The courts,
though, and some of Wright’s other relatives aren’t amused. And the
future for newlyweds Edith Hill, 96, and Eddie Harrison, 95, is very
much uncertain.
The Associated
Press reported that the two have been companions for more than a decade
after a Hollywood-style meet-cute — they struck up a conversation while
standing in line for lottery tickets, with one of the tickets turning
into a $2,500 winner. They married earlier this year, with a 95-year-old
church elder presiding over the ceremony, no less.
“I guess I
wanted company,” Hill said in an interview, explaining why she married.
“I wanted somebody I could help, and they could help me. ... We were
both single. My husband was gone. His wife was gone. We became the best
of friends.”
Robin Wright, Hill’s granddaughter, said the relationship is more romantic than Hill’s explanation allows.
“You catch them
kissing all the time,” she said. “They’re actually in love. Really in
love. ... I know he’s part of the reason she gets up every morning.”
Legally, though,
the wedding has been problematic. Hill has been declared legally
incapacitated for several years. A judge said at a hearing last month
that he believes Wright — co-guardian over her mother along with Rebecca
Wright’s sister who opposed the marriage — acted improperly by taking
her mother to get married without the court’s permission.
Cary Cuccinelli,
representing the sister who opposed the marriage, Patricia Barber, said
at last month’s hearing that the wedding occurred without other family
members’ knowledge, and that it complicated the matter of how to
eventually distribute Hill’s estate, which includes property on the edge
of Old Town Alexandria, worth about $475,000, according to real estate
assessments.
“Legally, Mr.
Harrison now has a right to a portion of Ms. Hill’s estate,” she told
the judge, saying it also complicates decisions over who will care for
Hill, and where she will live.
While the judge,
James Clark, found the marriage to have been improper, he also worried
that breaking up the couple could “create a circumstance in Ms. Hill’s
life that she doesn’t deserve.”
Clark ended up
removing Wright and Barber as Hill’s guardians, and appointing a lawyer,
Jessica Niesen, instead.

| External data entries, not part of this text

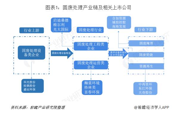 我國固廢處理行業(yè)已經(jīng)形成了較為成熟的產(chǎn)業(yè)鏈,其中上游行業(yè)為固廢處理裝備制造;中游行業(yè)按照公司主營業(yè)務(wù)類別不同可以分為固廢處理工程類企業(yè)和固廢處理運(yùn)營類企業(yè);下游行業(yè)為固廢處置衍生行業(yè),主要分為固廢掩埋、固廢焚燒和資源再生。上游行業(yè)較為成熟,為固廢處理行業(yè)打下良好的基礎(chǔ);中游行業(yè)參與者多為上市公司,行...
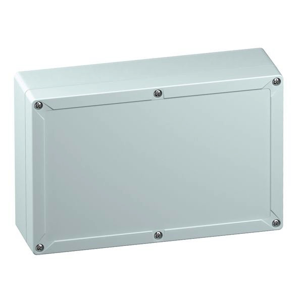 Leergehäuse, mit Schutzart IP66/IP67, ABS, Ui=690V AC, Ui=1000V DC, innenliegende Befestigungsstellen, für Standardinstallationen im Innenbereich, mit Schnellverschluss, Kasten: ABS, grau, Deckel: ABS, grau, glatte Seitenwände
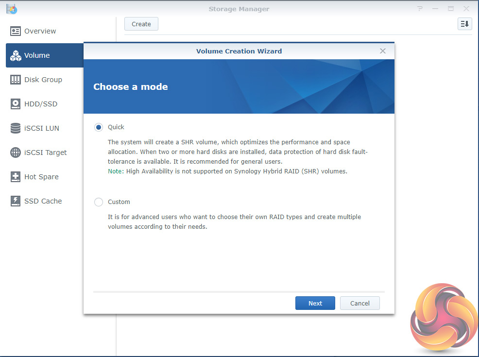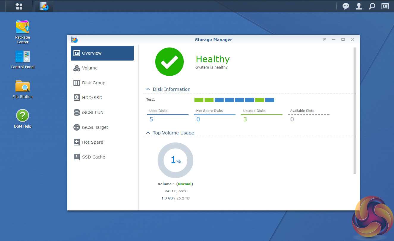 At the heart of DSM is Storage Manager. Storage Manager looks after RAID setups, volume creation (choose between the default Btrfs or ext4) and all other disk management duties.
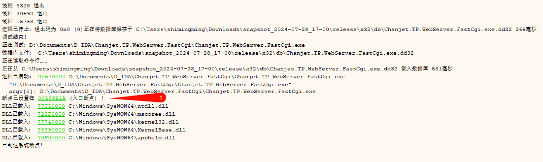 用 x32dbg 调试某 .Net Exe 程序,在单步启动后,可以看到相关信息如下所示的日志数据:
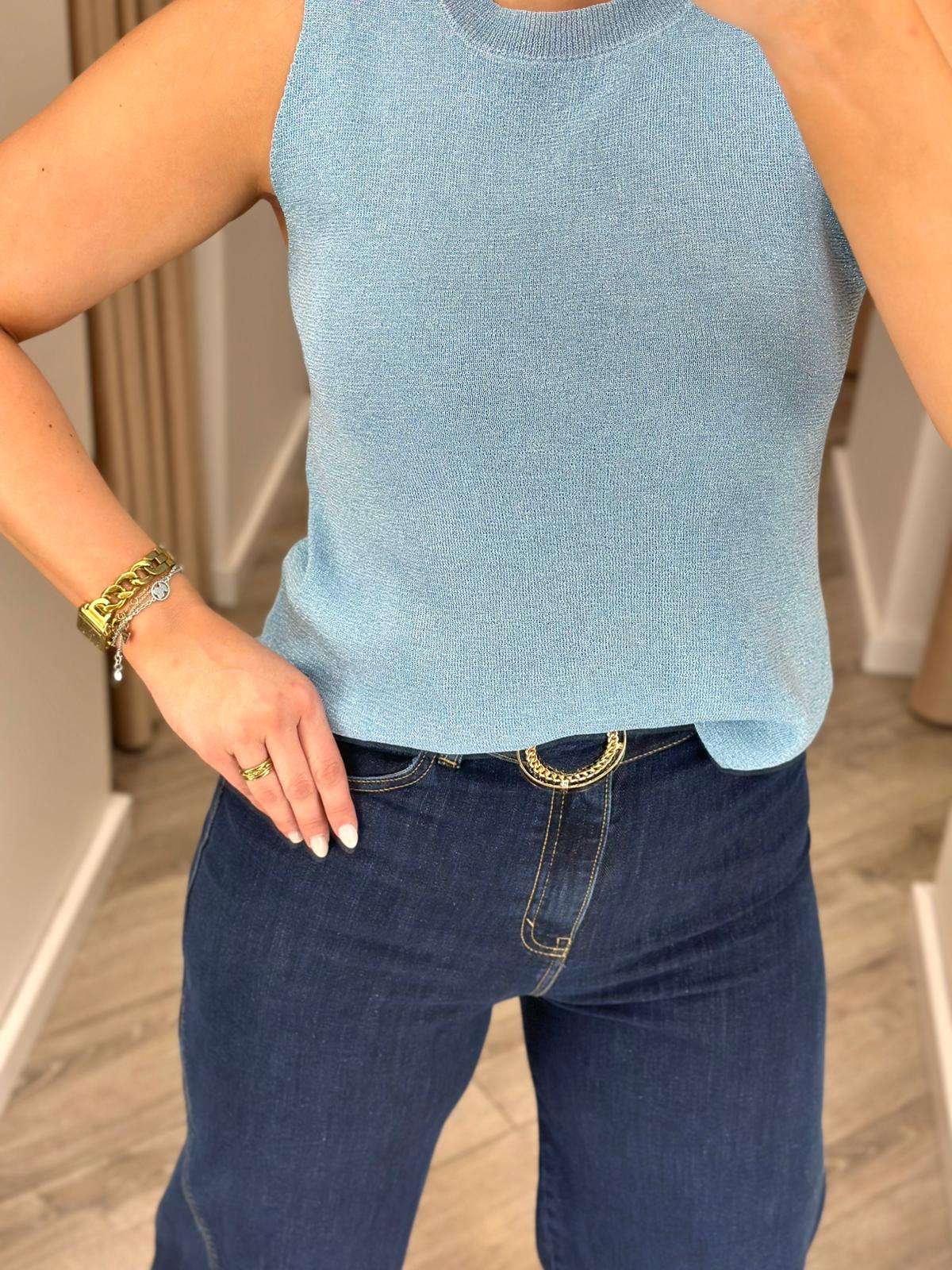 TOP AZUL BRILHO SEM MANGAS PONTO CHIC

The judge instructed Niesen “to investigate
the marriage and take all actions appropriate and reasonable to protect
the best interests of Edith Hill.”
Niesen, in a
phone interview, said she is still gathering facts and has an upcoming
appointment to meet Hill and Harrison. While there are numerous issues
to be sorted out, including questions about inheritance and where the
couple will live, she would just as soon let the marriage continue.
“I see no reason
to break this couple up, if there is no harm,” she said. One solution
might be a postnuptial agreement preventing Harrison from inheriting
Hill’s estate.
Niesen said that
if she finds that the marriage is not in Hill’s best interest, she has
the authority to pursue a divorce or possibly an annulment on Hill’s
behalf.
Wright said she
remained concerned authorities would try to break up the marriage. She
also opposes a postnuptial agreement, saying the marriage should be
respected just as any other.
The interracial
aspect of their marriage is unique as well. She is black and he is
white. In fact, the longtime Virginians would not have been allowed to
marry if they had met in their 20s or 30s or 40s, given Virginia’s law
banning interracial marriages at the time.
Wright says she
has concluded after doing some research through Guinness Book of World
Records that the two are likely the nation’s oldest interracial
newlyweds.
Edith Hill, for
her part, doesn’t give the interracial aspect of her marriage too much
thought, despite the fact that for half of her life it would have been
illegal.
Asked about the old laws barring interracial marriage, she said, “That’s done away with, isn’t it?”
For now, the two
live together in Annandale, with Rebecca and Robin Wright helping care
for them. Rebecca Wright said the two do a good job taking care of each
other — his hearing is not great, and her vision is not great. They
dance, listen to music and take walks, which has improved their health.
And Rebecca Wright said the companionship two people of the same age provide each other can’t be underestimated.
“They can talk about things that nobody else knows about,” she said.
Eddie Harrison said he and Hill never fight, and they both understood what getting married would mean.
“The first time I
married, I didn’t know what I was doing,” he said. “I was 18. She was
26. Two weeks later, I wanted a divorce.”